# Functions of Random Variables

1. Oct 9, 2007

### cepheid

Staff Emeritus
1. The problem statement, all variables and given/known data

If X is represented by the Gaussian distribution, that is,

$$f_{X}(x) = \frac{1}{\sigma\sqrt{2\pi}} \exp{(-\frac{x^2}{2\sigma^2})}$$

find an expression for the pdf fZ(z) of Z = arctan(x).

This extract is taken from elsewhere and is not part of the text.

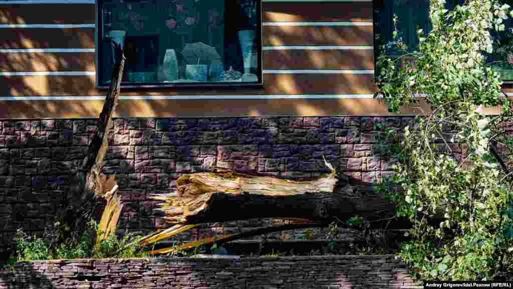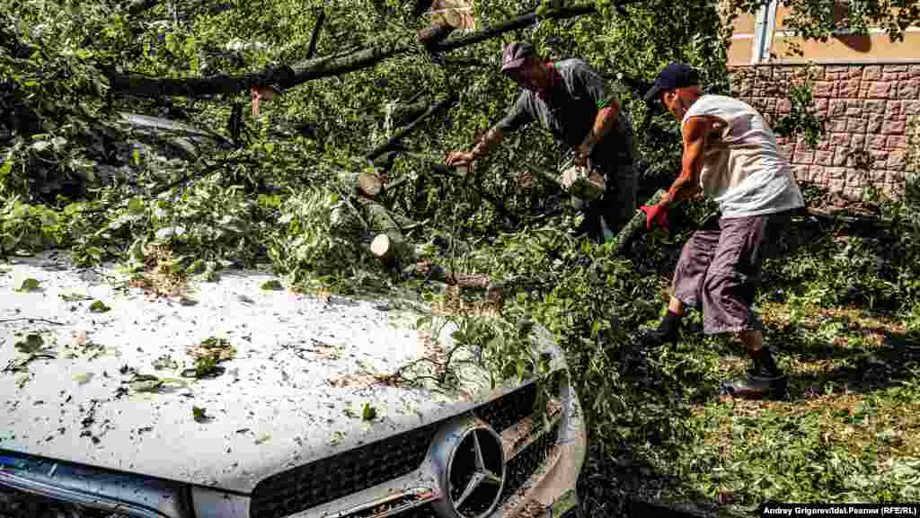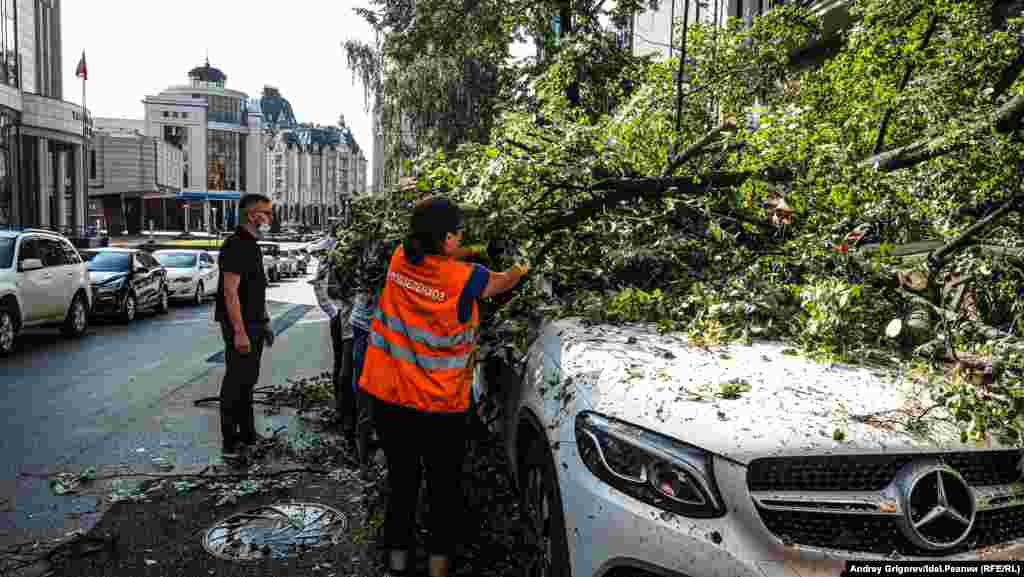 Свидетелем разбора завалов на фешенебельной улице Бассейная, спускающейся от Малой Красной к Пушкина мимо Верховного суда Татарстана, стал корреспондент "Idel.Реалии". Здесь дерево рухнуло сразу на несколько припаркованных у тротуара машин.

3. The attempt at a solution

If Z =g(X), then g(X) is multivalued unless the range of the function is restricted to $Z \in \left(-\frac{\pi}{2}, \frac{\pi}{2}\right)$

Under this condition, the function is one to one, and so the probability that z will be in some interval (z, z + dz) is equal to the probability that x will be in the corresponding interval (x, x + dx). In other words,

$$|f_Z(z) dz| = |f_X(x) dx|$$

$$f_Z(z) = \left| \frac{dx}{dz} \right| f_X(x)$$

$$= \frac{d}{dz} (\tan z) f_X(x)$$

$$= (\sec^2(z)) f_X(x)$$

$$= (1+\tan^2(z)) \frac{1}{\sigma\sqrt{2\pi}} \exp{(-\frac{\tan^2(z)}{2\sigma^2})}$$ ​

Am I doing this right?

Last edited: Oct 9, 2007
2. Oct 10, 2007

### EnumaElish

I don't see a problem; but you'll need to verify that it integrates to one between the bounds.